American corporations have more than a trillion dollars U.S. held offshore, in part because of the 35 percent tax rate that money would be subject to only when it is repatriated. Apple alone has more than $100 billion outside the U.S., and the company has borrowed money from bond markets in the U.S. and Europe rather than pay the repatriation tax.
No agreement has been reached, but Reuters reported that consensus is building for a new holiday based in part on the needs of the Highway Trust Fund. The last corporate tax holiday was in 2004, when U.S. companies were allowed to repatriate money for just 5.25 percent.

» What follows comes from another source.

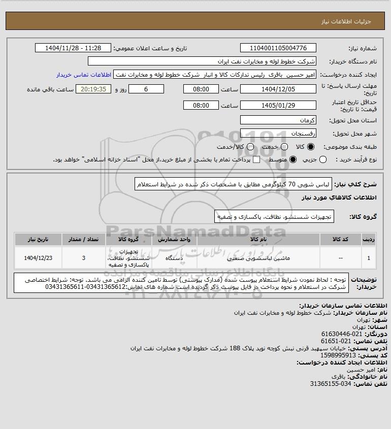استعلام لباس شویی 70 کیلوگرمی مطابق با مشخصات ذکر شده در شرایط استعلام, استعلام لباس شویی 70 کیلوگرمی مطابق با مشخصات ذکر شده در شرایط استعلام
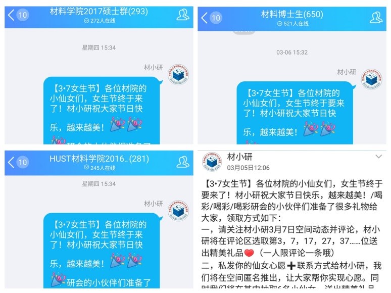 (通讯员:周万里)2019年3月6日,三七女生节来临前夕,材料学院研究生会通过学院研究生会官方QQ号“材小研”在研究生群和QQ空间发布“绽放青春”女生节活动通知为即将到来的女生节活动暖场,鼓励大家积极参加“绽放青春”女生节活动,希望大家做最美的女神。

The results of that tax holiday have played a role in their not being another since. It was billed at the time as a way for U.S. companies to bring money back to the U.S. so that they could invest it in new opportunities. In reality, almost all of the money was used in stock buybacks and stock dividends, rather than reinvestment, and the effort was viewed as an exercise to enrich investors rather than the U.S. as a whole.
Reuters was short on specifics, but one way of dealing with that aspect of a tax holiday would be to pair the holiday with caps placed on interest deductions so that the U.S. Treasury would see a net gain on the deal. In the end, the need to infuse the U.S. Highway Trust Fund without raising taxes—an impossibility in the current political climate in the U.S.—may be the deciding factor.